Here are the overarching number of sites linked/centroid-linked/not-linked.

Link Count
Point-in-polygon 10002
Centroid 77
Unlinked 9278
Total 19356

Lastly, lets visualize these sites. Just mash them all together. (also left in bleeding edge geom_sf code that fails on CRAN).

wi = USAboundaries::us_boundaries()[USAboundaries::us_boundaries()$geoid %in% c('55'),]
all_points = st_as_sf(lsites, coords = c("LongitudeMeasure", "LatitudeMeasure"), crs = '+proj=longlat +ellps=WGS84 +datum=WGS84 +no_defs')

par(mfrow=c(2,2), mar=c(0,0,0,0))
plot(st_geometry(all_points), col='darkorange2', add=TRUE, pch=16)
legend('topright', legend=' ', title='a) all WQP points', bty='n')

pippoints = subset(all_points, MonitoringLocationIdentifier %in% linked_lakes$MATCH_ID)
plot(st_geometry(pippoints), col='darkorchid3', add=TRUE, pch=16)
legend('topright', legend=' ', title='b) all linked point-in-poly', bty='n')

centpoints = subset(all_points, MonitoringLocationIdentifier %in% linked_lcent$MATCH_ID)
plot(st_geometry(centpoints), col='darkorchid3', add=TRUE, pch=16)
legend('topright', legend=' ', title='c) all linked centroid', bty='n')
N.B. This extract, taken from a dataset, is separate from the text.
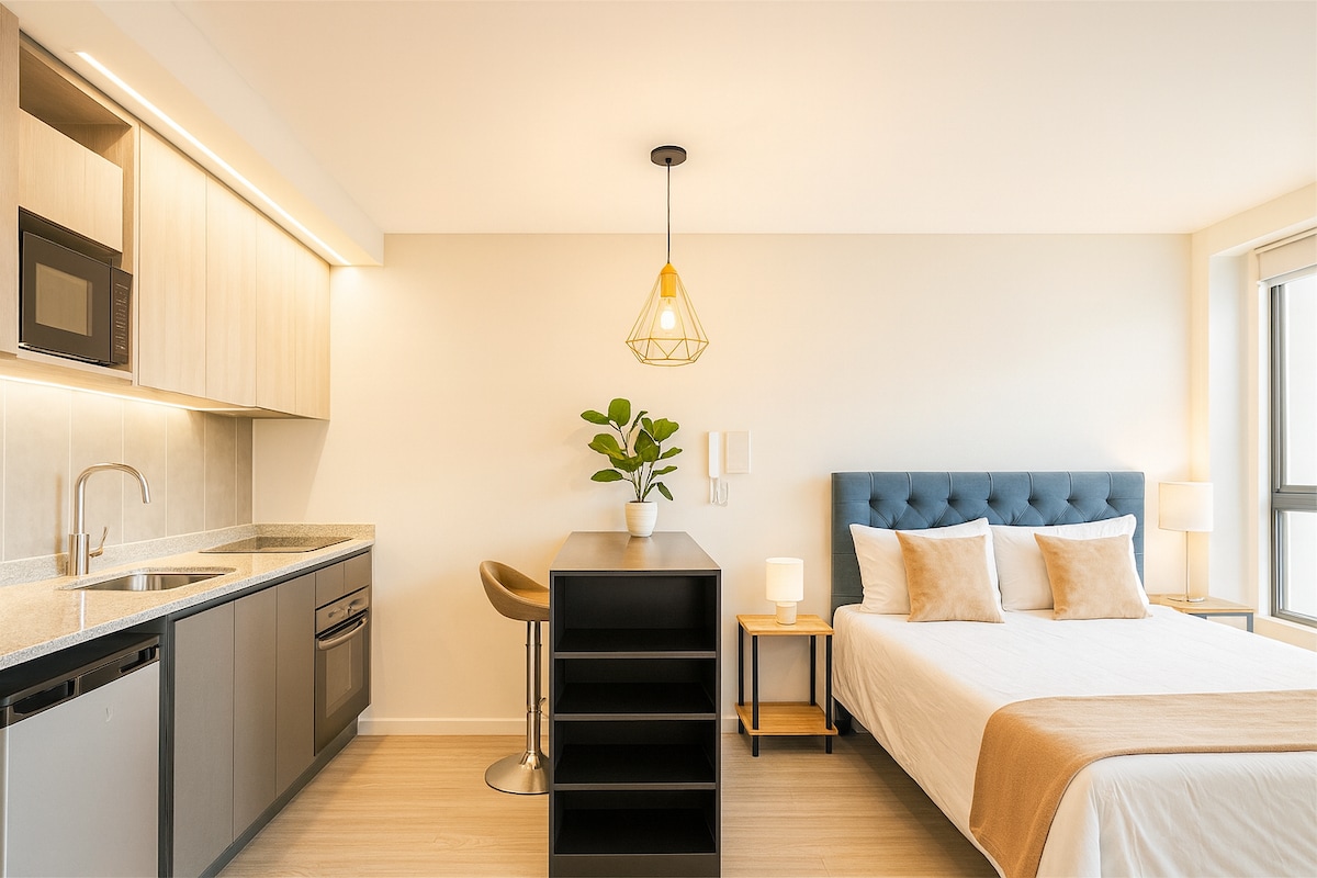 Descubre un encantador estudio moderno en una ubicación privilegiada en el centro de Santiago, ideal para parejas o viajeros que buscan confort y conveniencia. Cuenta con una cómoda cama matrimonial, cocina completamente equipada, baño moderno y una acogedora terraza perfecta para relajarte disfrutando de vistas urbanas. A pocos pasos de restaurantes populares, transporte público y las principales atracciones turísticas. ¡Reserva ahora y vive la mejor experiencia urbana en Santiago!

# gall = ggplot(all_points) + 
#   geom_sf(data=wi, fill='grey') +
#   geom_sf(size=0.5, color='darkorange2') + ylim(42, 47) + xlim(-93, -86.5) +
#   ggtitle('a) all WQP points')
# glink = ggplot(subset(all_points, MonitoringLocationIdentifier %in% linked_lakes$MATCH_ID)) +
#   geom_sf(data=wi, fill='grey') +
#   geom_sf(size=0.5, color='dodgerblue') + ylim(42, 47) + xlim(-93, -86.5) +
#   ggtitle('b) all linked point-in-poly')
# gcent = ggplot(subset(all_points, MonitoringLocationIdentifier %in% linked_lcent$MATCH_ID)) +
#   geom_sf(data=wi, fill='grey') +
#   geom_sf(size=0.5, color='darkorchid3') + ylim(42, 47) + xlim(-93, -86.5) +
#   ggtitle('c) all linked centroid')
# grid.arrange(gall, glink, gcent, nrow = 2)